先ほど、私の心の中にいくつもの存在があるという例についてお伝えしました。

私の体験を振り返ってみると、いくつもの存在があると分かってから自分を認めるまでに、次のようなプロセスを踏んでいったことに気づきました。

そのプロセスを順を追って説明していきます。 

 

①自分の心のありようを客観視できる

「自分の心の中には、いくつもの存在がある」と認識すると、自分の心で起きていることを客観的に見やすくなりました。

心の中にあるものを、自分とは別のものとして扱うことで、距離がとれ、客観的に観察することができるようになったのです。

 

ちなみに、心の中にあるものを、自分とは別のものとして考え、扱うことを、心理学の用語で「外在化」と言い、心理療法にも使われています。 

 

②自分の心の中にある存在と対話ができる

自分の心の中にある存在を、客観的に観察できるようになると、今度は、そうした存在と対話ができるようになりました。

対話は、マインドフルネスの状態でおこないます。

対話を重ねるうちに、1つ1つの存在の思い、願いなどが明らかになっていくのです。

 

私を否定し、責めさいなむ存在に悩まされていたのですが、そうした存在たちですら、私自身を守るために頑張っていることが、浮き彫りになっていきました。

すると、すべての存在が愛おしくなっていき、自分の中に敵が見当たらない感じになったのです。  

 

③自分だと意識できている部分がしっかりしていく

自分の心の中にある存在を、客観的に観察し、1つ1つの存在との対話を重ねていくと――。

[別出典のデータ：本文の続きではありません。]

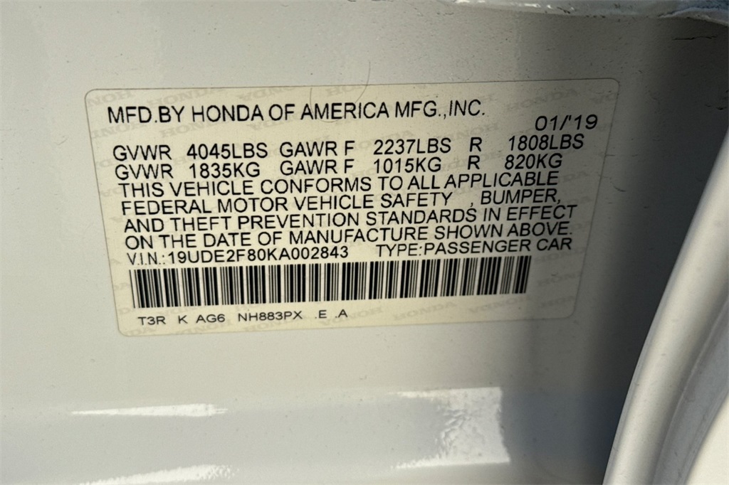 - VIN : 19UDE2F80KA002843
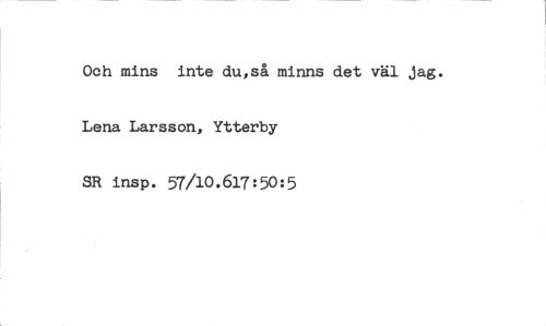 //// Och mins inte du,så minns det väl jag. Lena Larsson, Ytterby SR insp. 57/10.617:50:5 ////

自分だと意識できている部分(主人格、と呼ばれる)が、しっかりしていきました。

心の中にある存在たちに振り回されている状態から、主人格がリーダーシップを取れるようになっていったのです。

 

④自分の心の中にある存在がチームになる

主人格の力が強くなってくると、自分の心の中にあるものが「チーム」として活動できるようになっていきました。

 

たとえば、落ち込むようなことがあっても――。

  • 主人格がリーダーシップを取って、落ち込んでいる状況を客観的に観察し、何が起きているかを把握する。  
  • 主人格が議長のような役割を果たし、心の中にある存在たちで会議をおこなう。
  • ダメな自分を責める存在が活性化し、別の存在が落ち込んでしまっても、それとは違った存在から前向きな提案が出てくる。

 

次第に、心の中にある存在同士で補い合い、行動の選択肢が増えていき、心の安定がはかられるようになりました。

 

あんなに自分のことがキライだった私でも、こうしたプロセスを経て――、

自分が健気に頑張っていることが感じられるようになり、自分を認めることができるようになったのです。

 

「心は集合体」と認識することの難しさ

 

 

うまくいかないときに起きていること

「心は集合体」という認識で自分の心の中を把握していくと、自己理解が進み、自分を認めることができるようになります。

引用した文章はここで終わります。